Skipping all pictures, set down the lines of the listing from the first through the one with "MP-03W-20-40,M".

== Segment start ==

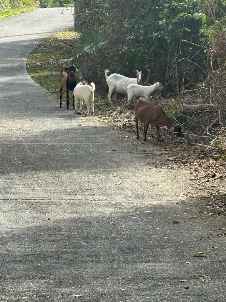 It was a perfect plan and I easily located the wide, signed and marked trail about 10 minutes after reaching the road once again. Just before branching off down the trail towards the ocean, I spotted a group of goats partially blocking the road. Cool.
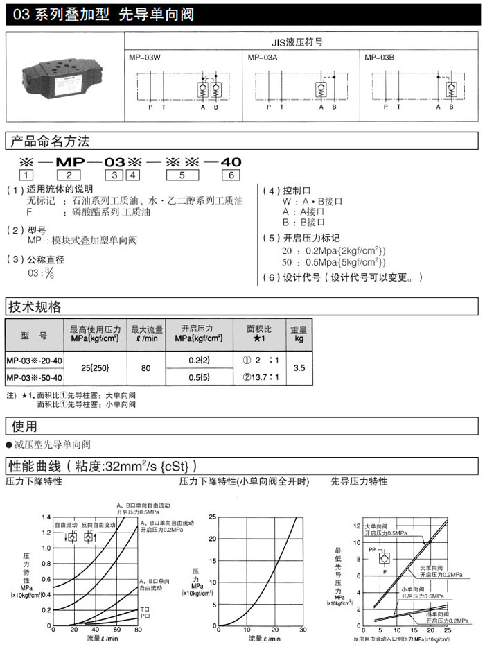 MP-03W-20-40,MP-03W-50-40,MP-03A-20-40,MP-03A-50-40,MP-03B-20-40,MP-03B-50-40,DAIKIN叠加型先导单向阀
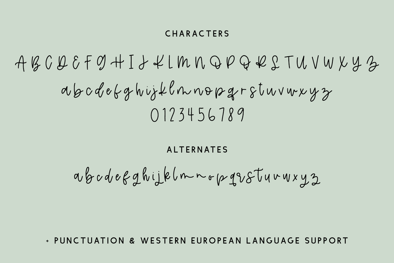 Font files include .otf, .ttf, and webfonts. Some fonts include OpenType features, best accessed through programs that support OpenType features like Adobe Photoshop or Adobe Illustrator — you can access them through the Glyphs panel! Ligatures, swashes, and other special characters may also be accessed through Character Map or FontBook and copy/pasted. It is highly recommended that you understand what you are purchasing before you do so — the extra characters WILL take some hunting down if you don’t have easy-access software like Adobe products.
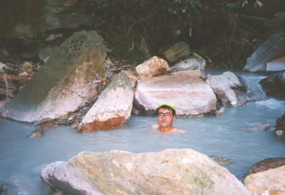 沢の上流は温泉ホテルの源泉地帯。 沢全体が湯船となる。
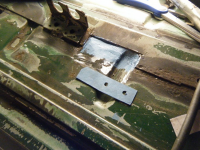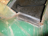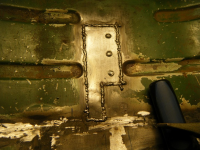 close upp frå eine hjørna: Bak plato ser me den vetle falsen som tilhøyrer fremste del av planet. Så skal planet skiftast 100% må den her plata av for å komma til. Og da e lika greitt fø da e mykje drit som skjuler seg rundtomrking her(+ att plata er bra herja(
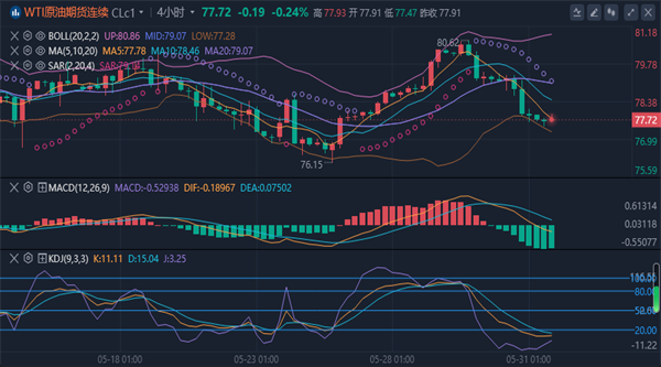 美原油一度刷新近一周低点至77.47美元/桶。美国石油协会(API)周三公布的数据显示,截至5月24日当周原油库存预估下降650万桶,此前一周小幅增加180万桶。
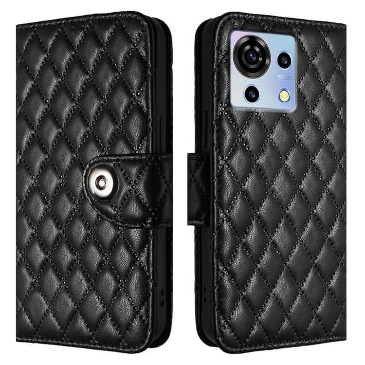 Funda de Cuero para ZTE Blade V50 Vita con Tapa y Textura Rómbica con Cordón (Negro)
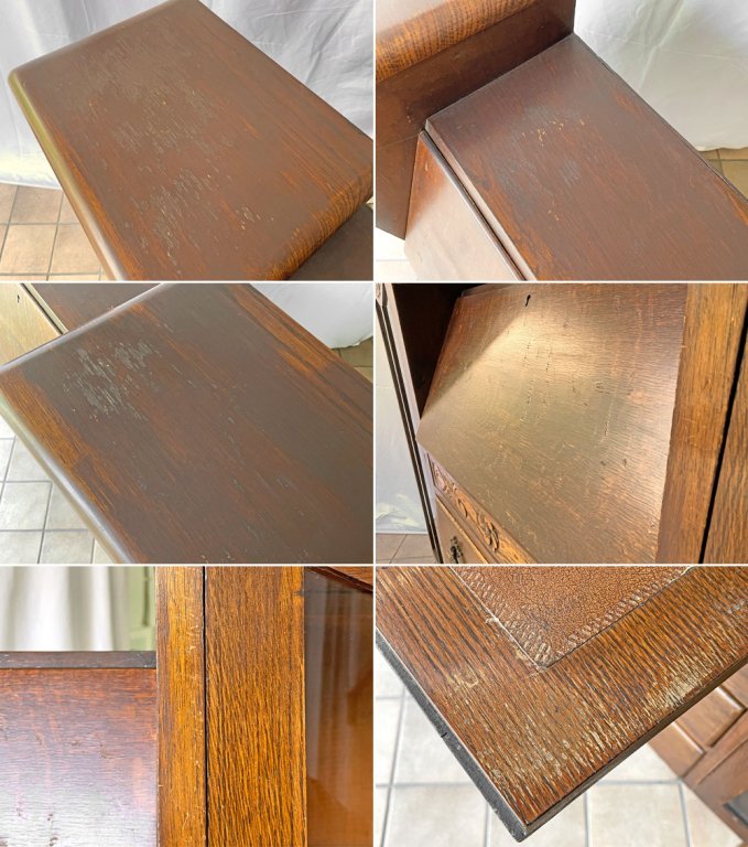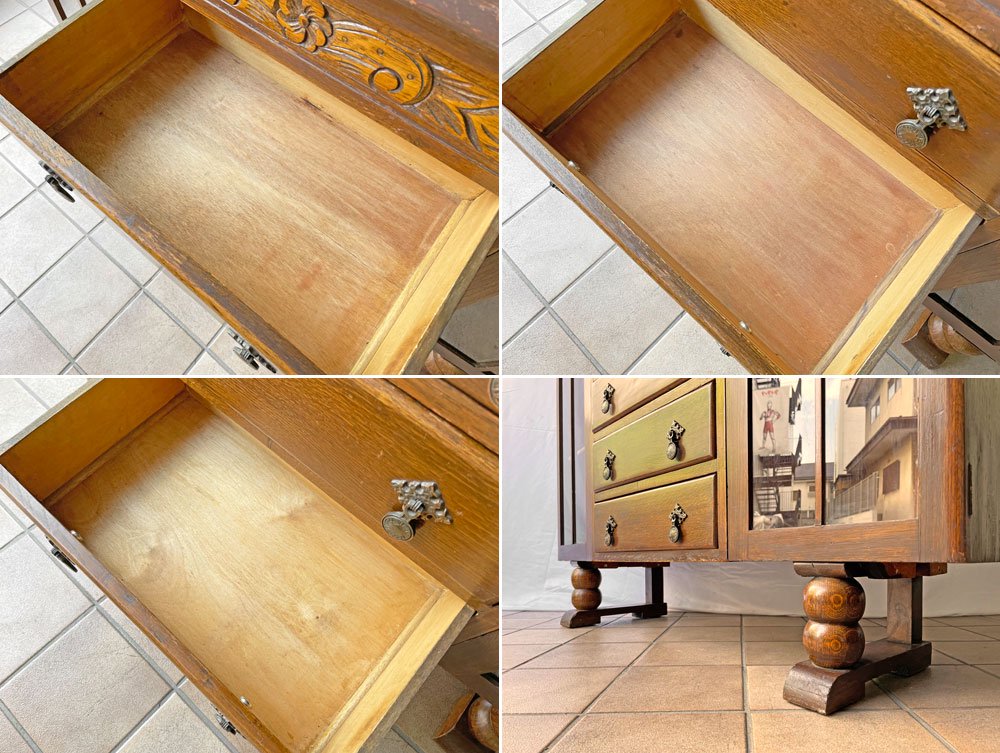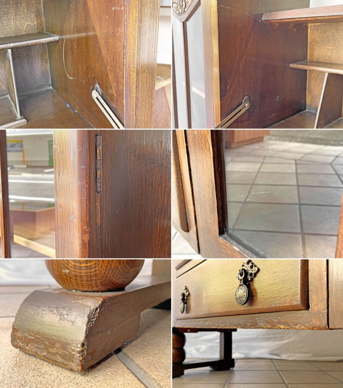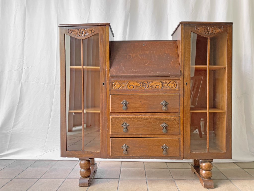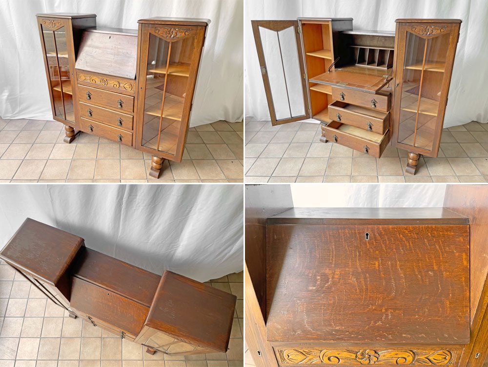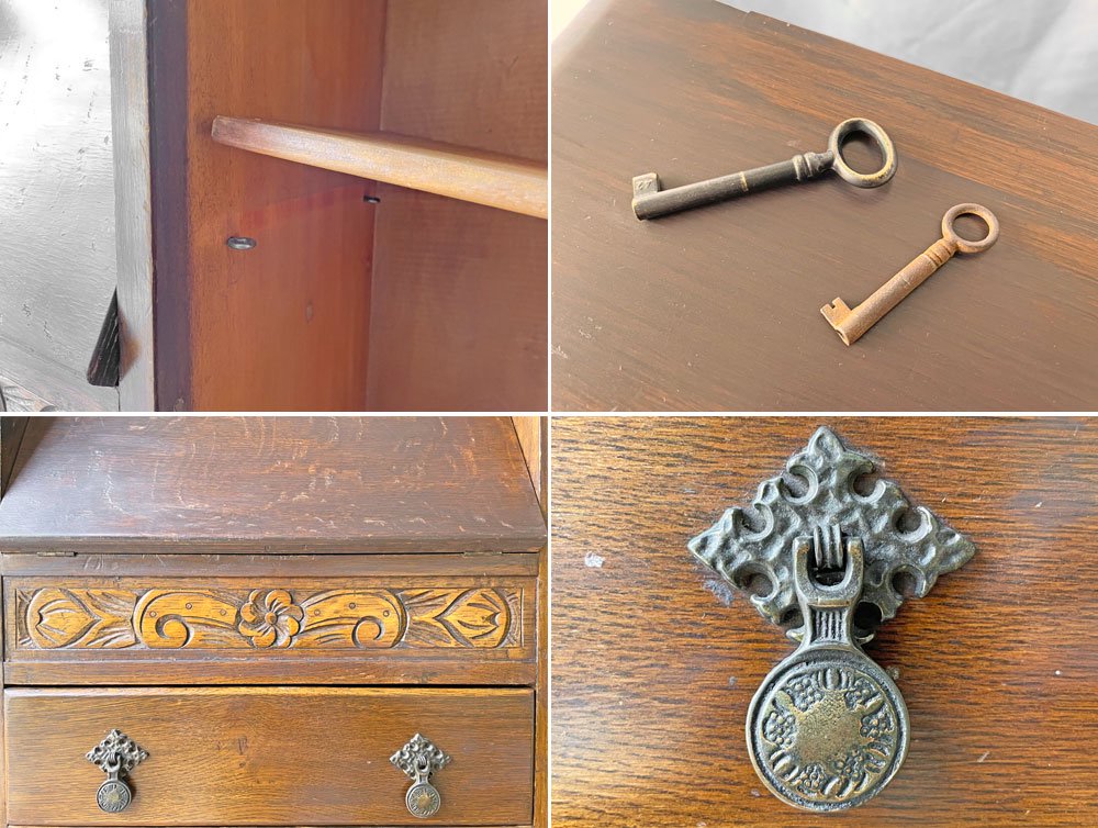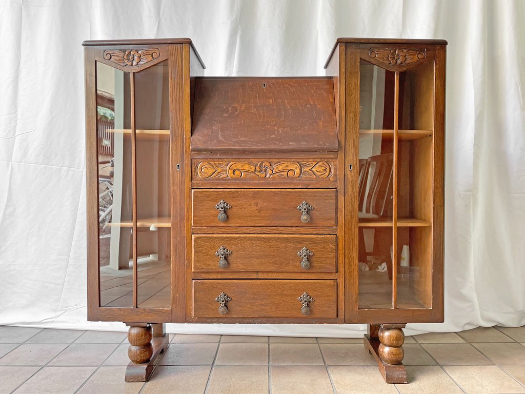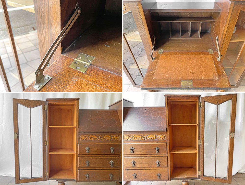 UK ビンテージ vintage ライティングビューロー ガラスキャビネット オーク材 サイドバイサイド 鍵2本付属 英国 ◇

== Segment end ==

## Your solution
 It was a perfect plan and I easily located the wide, signed and marked trail about 10 minutes after reaching the road once again. Just before branching off down the trail towards the ocean, I spotted a group of goats partially blocking the road. Cool.
 MP-03W-20-40,MP-03W-50-40,MP-03A-20-40,MP-03A-50-40,MP-03B-20-40,MP-03B-50-40,DAIKIN叠加型先导单向阀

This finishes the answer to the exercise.